§ INSTRUCTIONS TO FOLLOW
Repeat the following entries verbatim, apart from the pictures.

§ SOURCE MATERIAL
^^^^^^^^

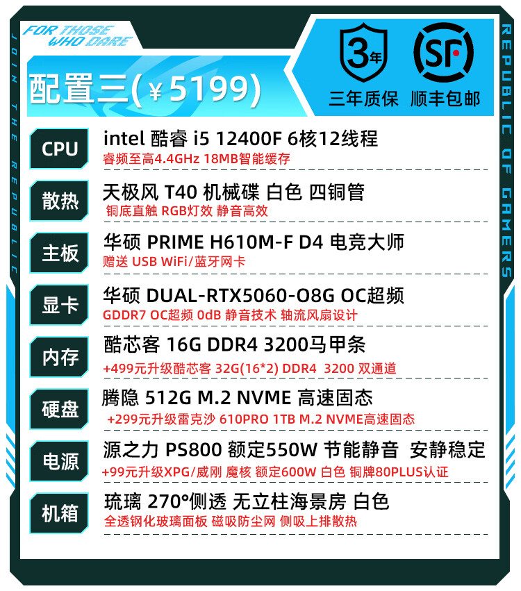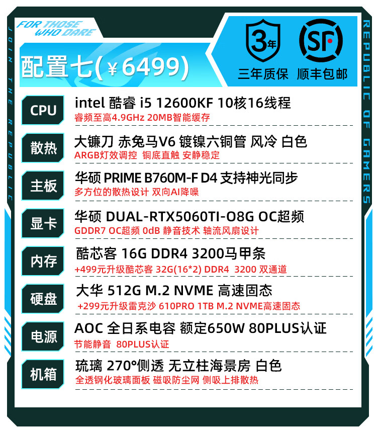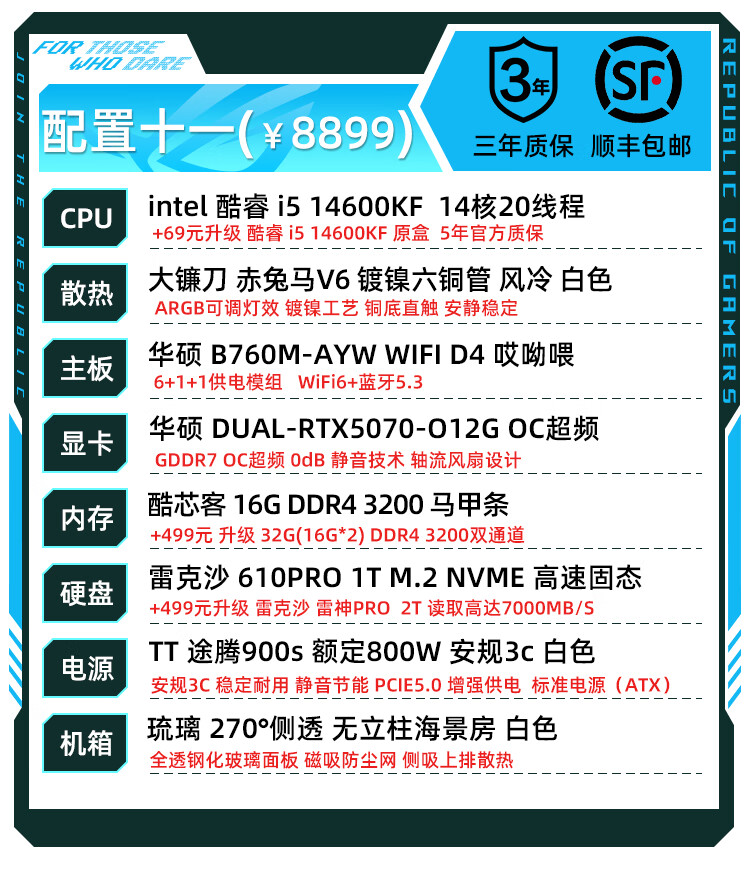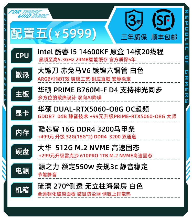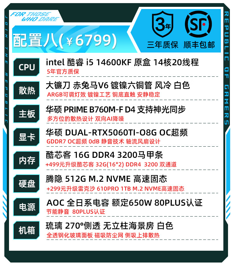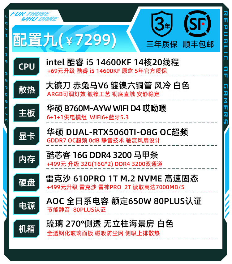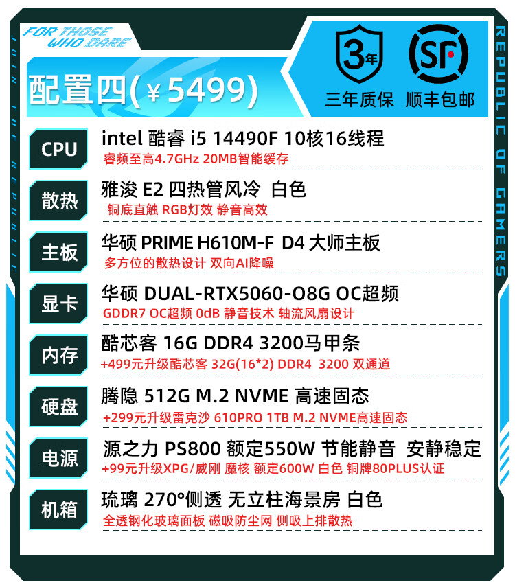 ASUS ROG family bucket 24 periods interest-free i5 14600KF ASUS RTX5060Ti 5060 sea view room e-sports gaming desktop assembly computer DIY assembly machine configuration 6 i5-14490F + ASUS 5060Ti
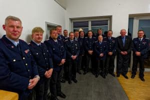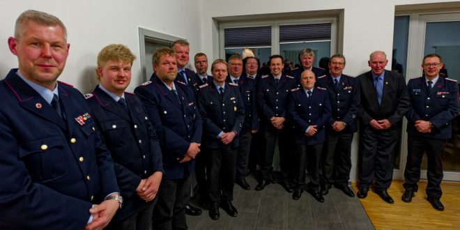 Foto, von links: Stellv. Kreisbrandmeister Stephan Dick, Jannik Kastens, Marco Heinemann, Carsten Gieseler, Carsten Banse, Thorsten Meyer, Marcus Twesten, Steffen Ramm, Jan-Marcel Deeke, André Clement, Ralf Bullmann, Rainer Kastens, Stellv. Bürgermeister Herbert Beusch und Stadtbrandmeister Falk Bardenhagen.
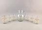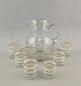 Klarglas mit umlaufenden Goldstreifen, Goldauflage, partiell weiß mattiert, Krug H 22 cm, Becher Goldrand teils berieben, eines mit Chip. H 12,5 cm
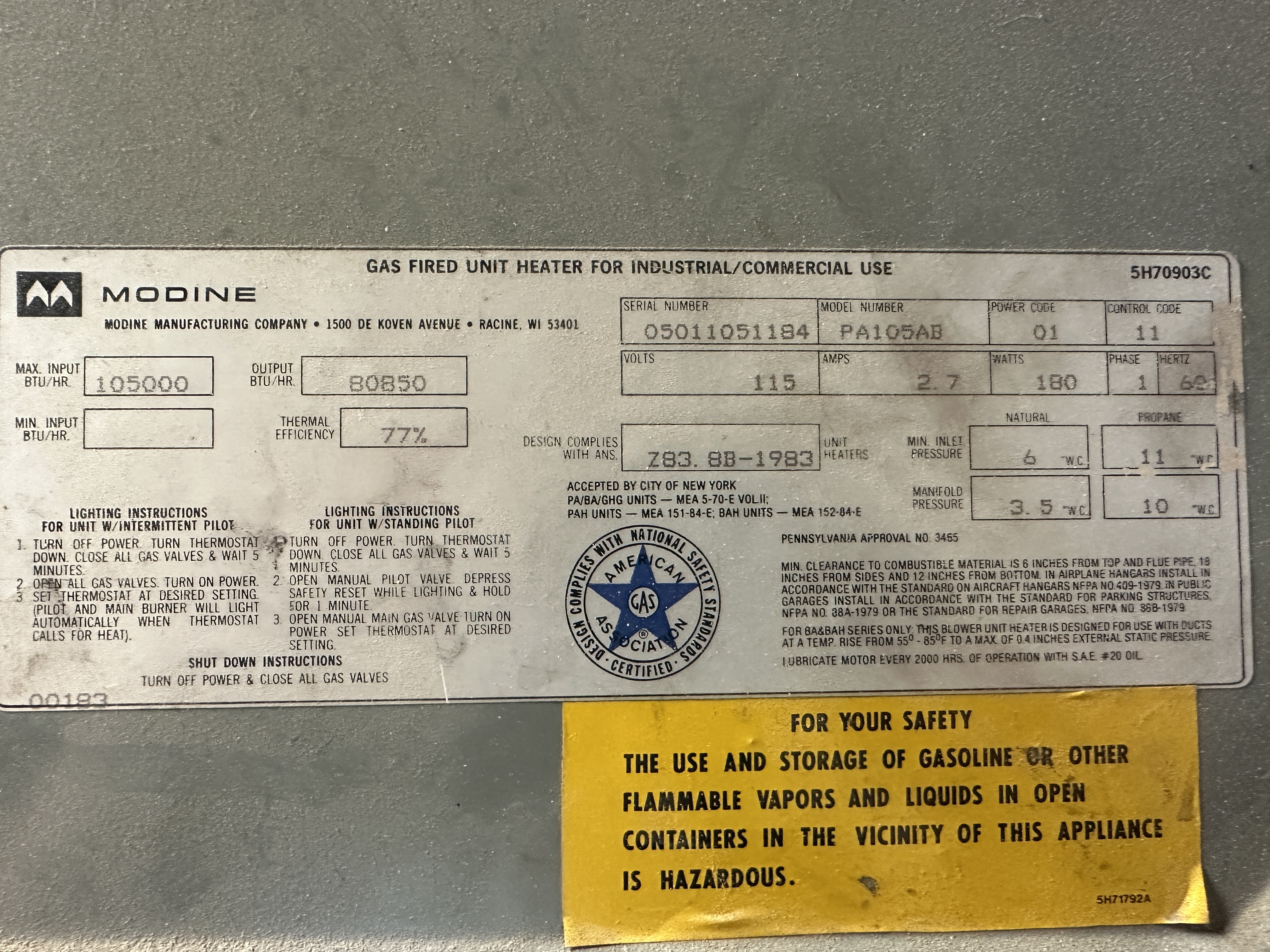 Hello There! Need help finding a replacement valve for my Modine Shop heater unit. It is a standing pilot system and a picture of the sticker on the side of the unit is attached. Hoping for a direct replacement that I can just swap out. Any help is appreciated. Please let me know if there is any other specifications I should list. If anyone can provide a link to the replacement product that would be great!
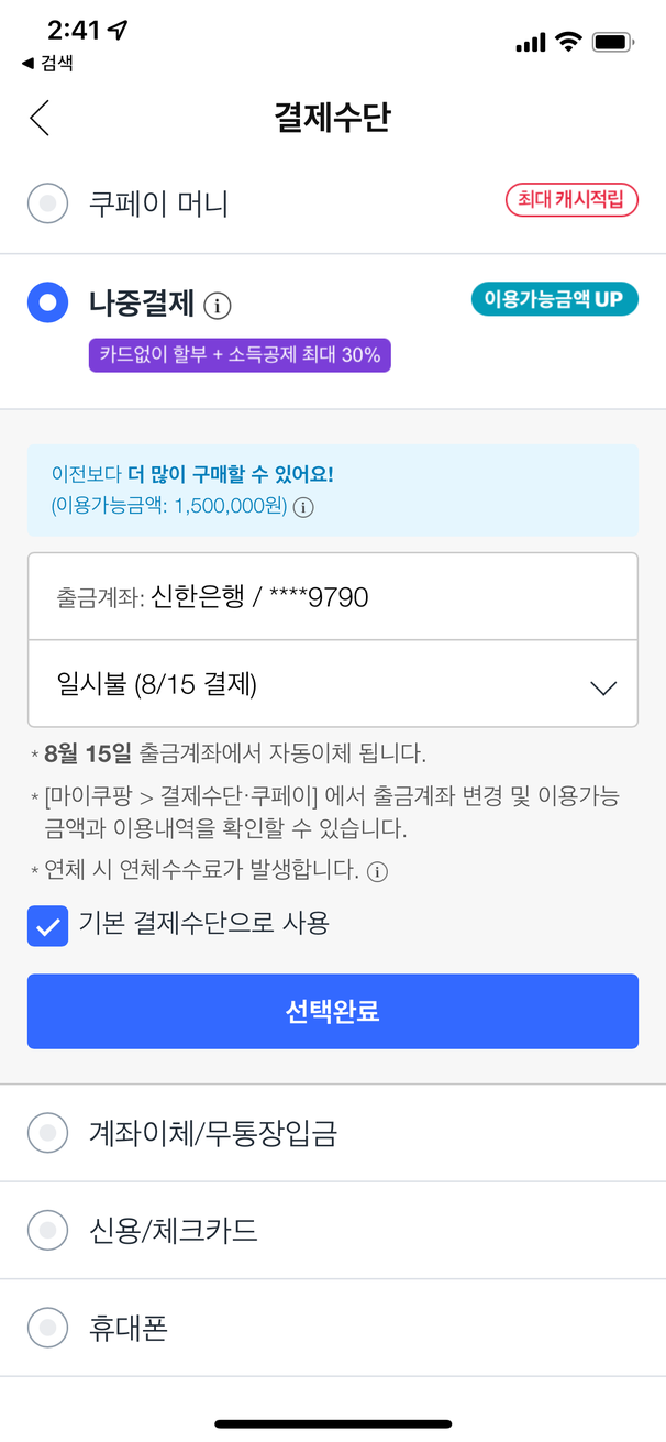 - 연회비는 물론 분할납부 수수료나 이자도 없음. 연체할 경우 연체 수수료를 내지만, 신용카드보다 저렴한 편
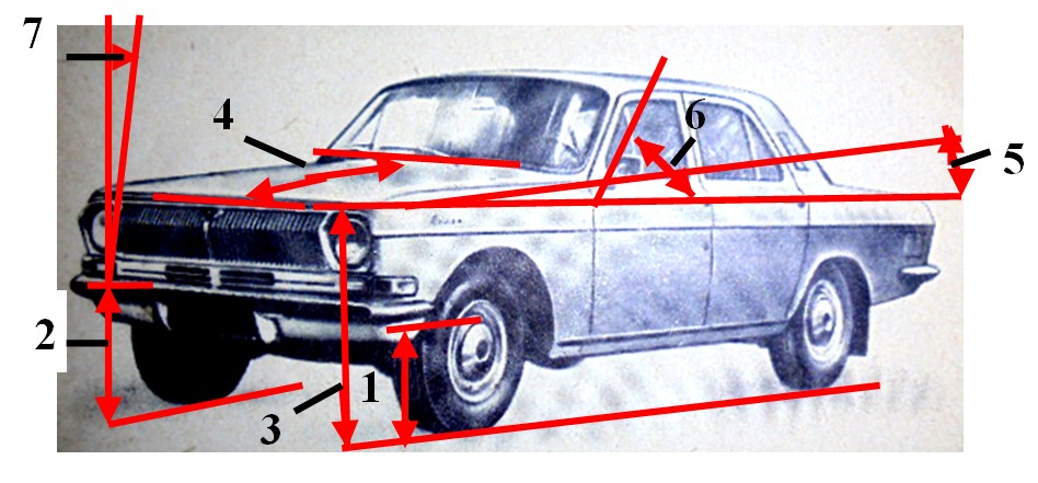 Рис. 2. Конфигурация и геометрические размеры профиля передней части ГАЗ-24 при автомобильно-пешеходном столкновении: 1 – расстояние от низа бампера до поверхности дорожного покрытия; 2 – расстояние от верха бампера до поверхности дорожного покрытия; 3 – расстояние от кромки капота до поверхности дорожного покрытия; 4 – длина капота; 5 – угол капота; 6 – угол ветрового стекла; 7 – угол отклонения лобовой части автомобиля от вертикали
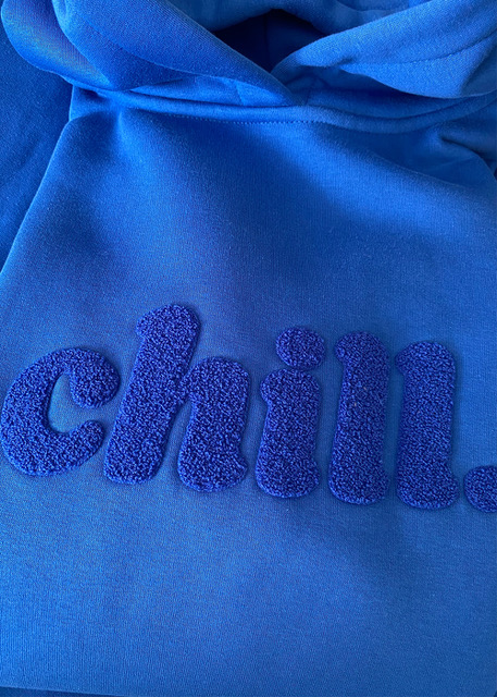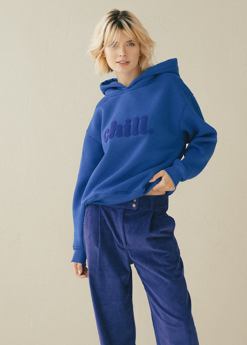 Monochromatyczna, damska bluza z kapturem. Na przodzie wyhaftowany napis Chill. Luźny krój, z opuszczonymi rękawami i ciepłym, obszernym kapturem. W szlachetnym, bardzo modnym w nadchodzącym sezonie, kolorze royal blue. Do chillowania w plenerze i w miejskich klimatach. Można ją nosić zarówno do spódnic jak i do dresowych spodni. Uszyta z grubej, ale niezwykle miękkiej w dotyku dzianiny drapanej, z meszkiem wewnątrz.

^^^^^^^^

§ ANSWER BOX
 ASUS ROG family bucket 24 periods interest-free i5 14600KF ASUS RTX5060Ti 5060 sea view room e-sports gaming desktop assembly computer DIY assembly machine configuration 6 i5-14490F + ASUS 5060Ti
 Foto, von links: Stellv. Kreisbrandmeister Stephan Dick, Jannik Kastens, Marco Heinemann, Carsten Gieseler, Carsten Banse, Thorsten Meyer, Marcus Twesten, Steffen Ramm, Jan-Marcel Deeke, André Clement, Ralf Bullmann, Rainer Kastens, Stellv. Bürgermeister Herbert Beusch und Stadtbrandmeister Falk Bardenhagen.
 Klarglas mit umlaufenden Goldstreifen, Goldauflage, partiell weiß mattiert, Krug H 22 cm, Becher Goldrand teils berieben, eines mit Chip. H 12,5 cm
 Hello There! Need help finding a replacement valve for my Modine Shop heater unit. It is a standing pilot system and a picture of the sticker on the side of the unit is attached. Hoping for a direct replacement that I can just swap out. Any help is appreciated. Please let me know if there is any other specifications I should list. If anyone can provide a link to the replacement product that would be great!
 - 연회비는 물론 분할납부 수수료나 이자도 없음. 연체할 경우 연체 수수료를 내지만, 신용카드보다 저렴한 편
 Рис. 2. Конфигурация и геометрические размеры профиля передней части ГАЗ-24 при автомобильно-пешеходном столкновении: 1 – расстояние от низа бампера до поверхности дорожного покрытия; 2 – расстояние от верха бампера до поверхности дорожного покрытия; 3 – расстояние от кромки капота до поверхности дорожного покрытия; 4 – длина капота; 5 – угол капота; 6 – угол ветрового стекла; 7 – угол отклонения лобовой части автомобиля от вертикали
 Monochromatyczna, damska bluza z kapturem. Na przodzie wyhaftowany napis Chill. Luźny krój, z opuszczonymi rękawami i ciepłym, obszernym kapturem. W szlachetnym, bardzo modnym w nadchodzącym sezonie, kolorze royal blue. Do chillowania w plenerze i w miejskich klimatach. Można ją nosić zarówno do spódnic jak i do dresowych spodni. Uszyta z grubej, ale niezwykle miękkiej w dotyku dzianiny drapanej, z meszkiem wewnątrz.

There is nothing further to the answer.